INSTRUCTIONS FOR THE TASK — Your response should contain only the lines running from the top of the data below through the line with "Les Appliques Murales", both included. Pictures must be omitted.

GIVEN DATA —
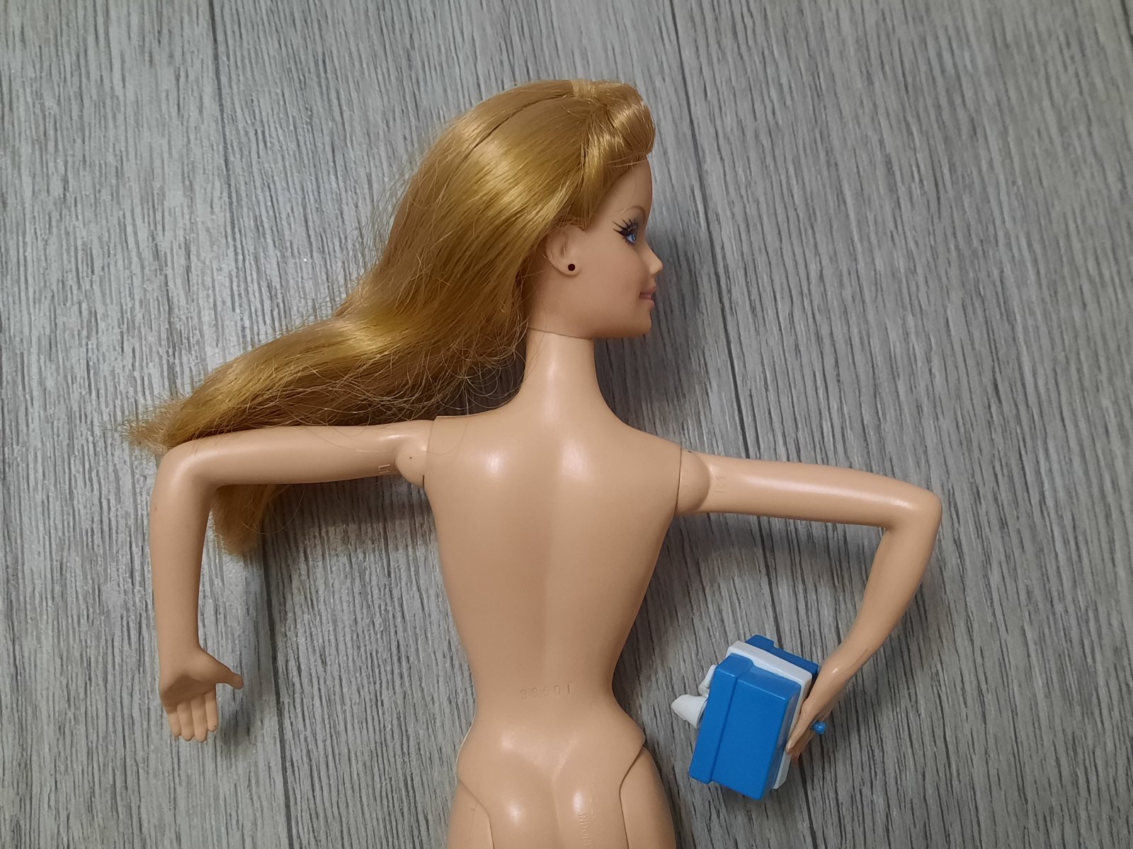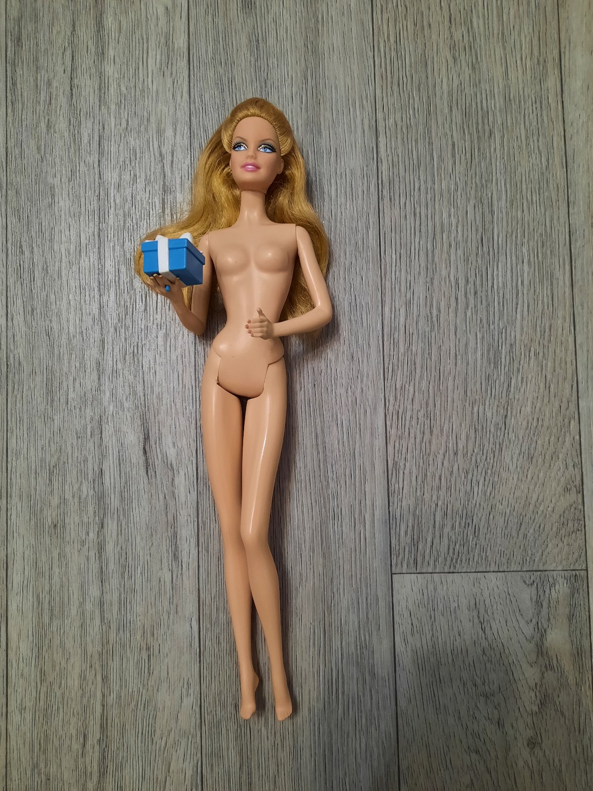Barbie model muse s darčekom (nedá sa jej vybrať z ruky, má ho pripevnený).
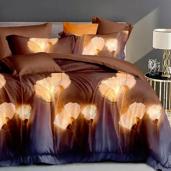 Постільна білизна бавовняна Двоспальна 9927S 180 x 220 Сатин 70 x 70 Коричнева
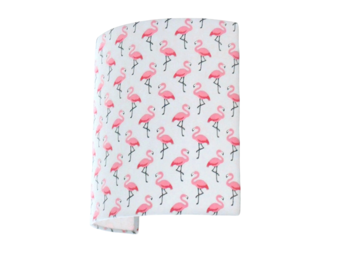 Les Appliques Murales sont réalisées à partir d'une carcasse métallique demi-cylindrique finition peinture époxy blanche recouverte de tissu 100% coton certifié OEKO TEX (sans produit chimique) motifs imprimés flamant rose contrecollé sur un polyphane ignifugé blanc (PVC non inflammable).
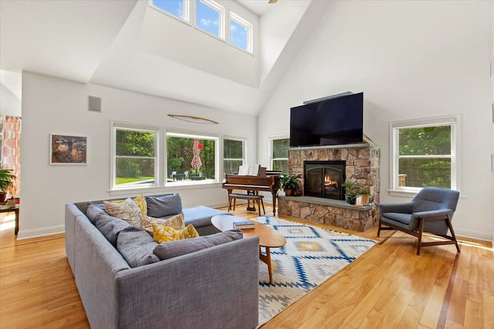 Enjoy outdoor paradise with a pool, hot tub, firepit, and cedar shower. Indoors, bask in natural light, a grand living room, chef's kitchen, and master suite with deep tub.
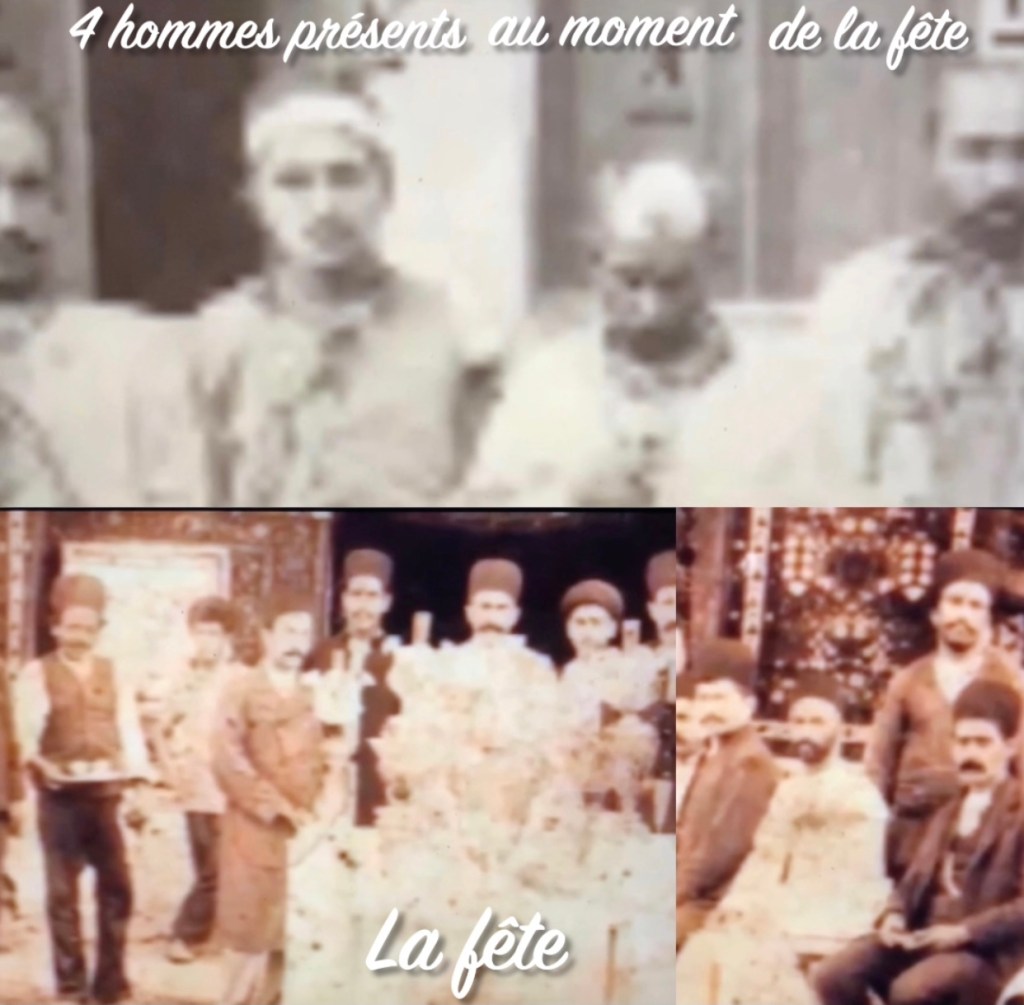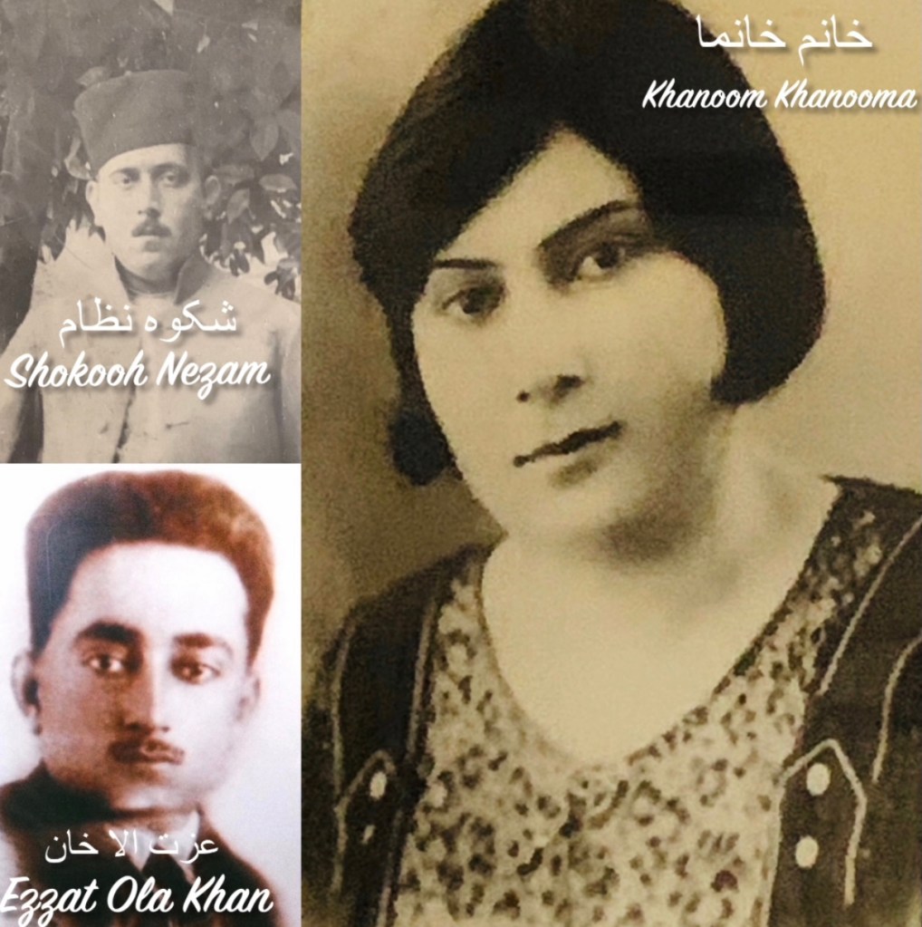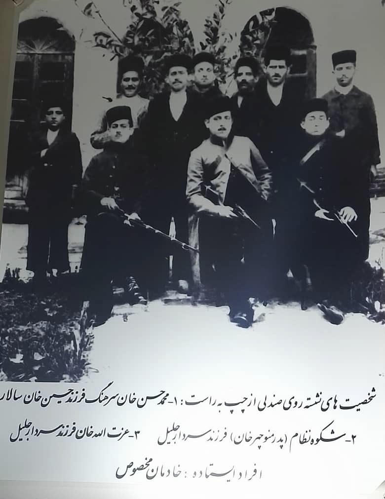 Personnages assis sur une chaise de gauche à droite : le colonel Mohammad Hassan Khan (fils de Hussein Khan Salar Kolbadi et le frère d’Ali Akbar Khan époux de Khanoom Khanooma ), Shokooh Nezam (fils de Sardar Jalil Kolbadi et père de Manouchehr Khan), Ezzat Ola Khan (fils de Sardar Jalil Kolbadi)

YOUR RESPONSE —
Barbie model muse s darčekom (nedá sa jej vybrať z ruky, má ho pripevnený).
 Постільна білизна бавовняна Двоспальна 9927S 180 x 220 Сатин 70 x 70 Коричнева
 Les Appliques Murales sont réalisées à partir d'une carcasse métallique demi-cylindrique finition peinture époxy blanche recouverte de tissu 100% coton certifié OEKO TEX (sans produit chimique) motifs imprimés flamant rose contrecollé sur un polyphane ignifugé blanc (PVC non inflammable).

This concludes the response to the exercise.